For one Edward, it was Tyler Case. For the other, it was Richard.

“I’m going to recollect all my information about Mazdak, prepare it and send it secure through Ms. VanDalen’s secure connection. It might take a while for me to do that without raising suspicion, but on the off chance our suspicions are valid…” He shakes his head. “I’d rather be safe than sorry, and have this information in the right hands.”

“Good call.” Richard draws in a slow breath, then pauses before glancing out the window, “Hm. I might have a… perfect candidate for that, if you don’t know one. He could even take any proverbial gun we want to hand him.”

“As always, I’m here to move whatever pieces you think we need to move. Be careful. If Raith suspects you’re on to him– and we’re right? Well, keep your local me close for protection, maybe.”
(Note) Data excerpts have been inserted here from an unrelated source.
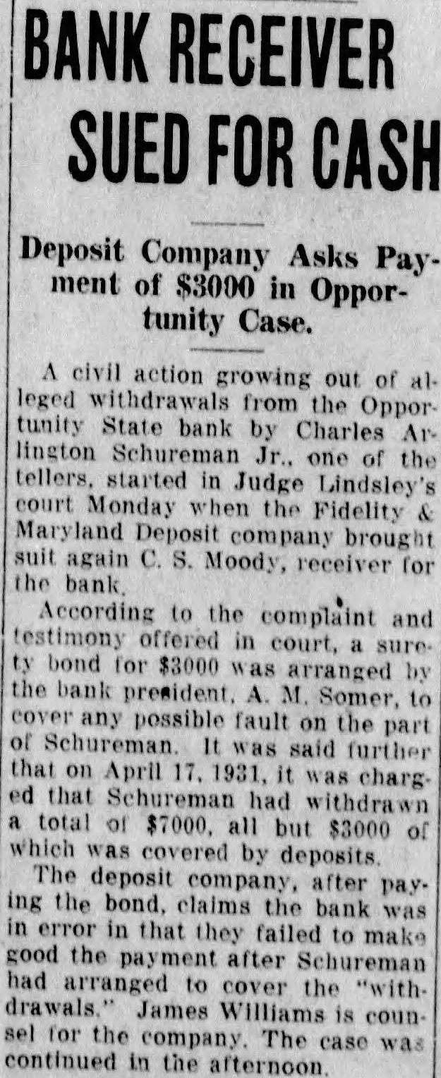 RECEIVER Deposit Company Asks Payment of $3000 in Opportunity Case. civil action growing out of leged withdrawals from the Opportunity State bank by Charles lington Schureman one of the tellers, started in Judge Lindsley's court Monday when the Fidelity Maryland Deposit company brought suit again Moody, receiver for the According to the complaint and testimony offered in court, bond for $3000 arranged the bank M. Somer, any possible fault on the part Schureman. was said further that on April 1931, charg. ed that Schureman had withdrawn total of all but $3000 which was covered by deposits. The deposit company, after pay. ing the bond. claims the bank was error in that they failed to make good had the after Schureman arranged to cover the drawals. James Williams is counsel for the company The case was continued in the afternoon.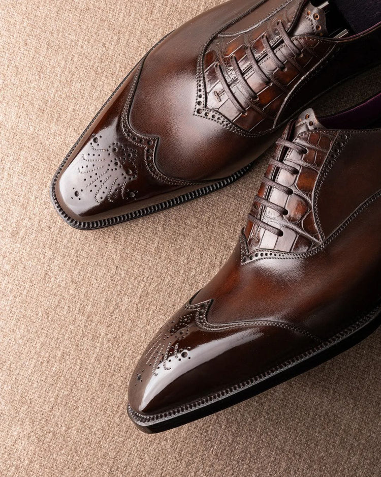 Dark Brown Leather Wingtip Oxfords Lace Up Formals - Formal Shoes
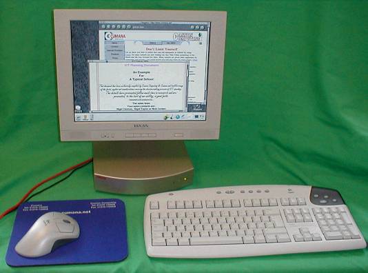 Slym ist ein Netzwerkrechner von Cumana, mit einem Motherboard von Castle. Slym - hinter diesem doch recht merkwürdigen Namen verbirgt sich ein intelligentes Konzept. Intelligent deswegen, weil der eigentliche Rechner im Fuße des Bildschirms (15" TFT LCD) untergebracht ist. Das spart viel Platz und Kabelgewirr am Arbeitsplatz, da der Rechner im Prinzip nur ein Strom- und Netzwerkkabel braucht. Außerdem läßt sich der Computer auch hinter dem Monitor installieren und an der Wand befestigen. Tastatur und Maus sind über Funk mit dem Rechner verbunden.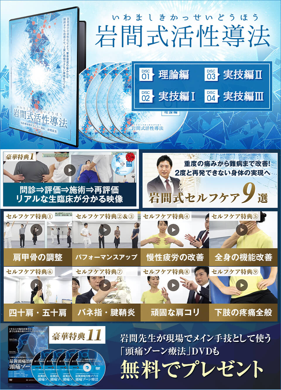 | 特典⑪ 岩間先生が現場でメイン手技として使う「頭痛ゾーン療法」DVD |

“Or far away.” Edward says with a hint of something darker settling in. “Thankfully there’s no Raith on this side, so… one can hope his influence is minimal at best.” Edward glances over to the passenger seat, seeing Nova now more than Richard.

“We need to get back to the office,” he says to her, resuming manual drive on the car. “Tell Richard goodbye for me.”

This is the longest back-and-forth Nova has had to do, and the effort is showing. Her eyes look a little groggy as she nods, slipping one more time under to relay those last comments via the Nova back on the boat with Richard.


Yeah Bouy!
The Pelago

Flood Timeline


Thanks, Doc. Be safe.

You too.

On the Yeah, Buoy!, Nova watches Richard, her eyes wide – she isn’t as tired, having played host rather than traveler, but the act of being the intermediary was taxing, much like a translator having to pay close attention to a conversation and repeat it without error.

“Shit,” is all she has to say.

“Yeah,” Richard admits, a hand coming up to rub at his eyes, “Guess I’m back in the conspiracy business. Welcome to the game, Red King’s Bishop.”

Hand dropping down to his lap, he flashes a roguish-if-tired smile, “Let’s hope we can save the world again.”


Manhattan
New York City

Bright Timeline


Agent Van Dalen comes to again in the car, rubbing her eyes and stretching as if she’s been asleep for a long time. But at the same time as her other self in a flooded world, she says exactly the same thing:

Shit.” It’s her first real commentary on the conversation she’s just facilitated, eloquent as it is.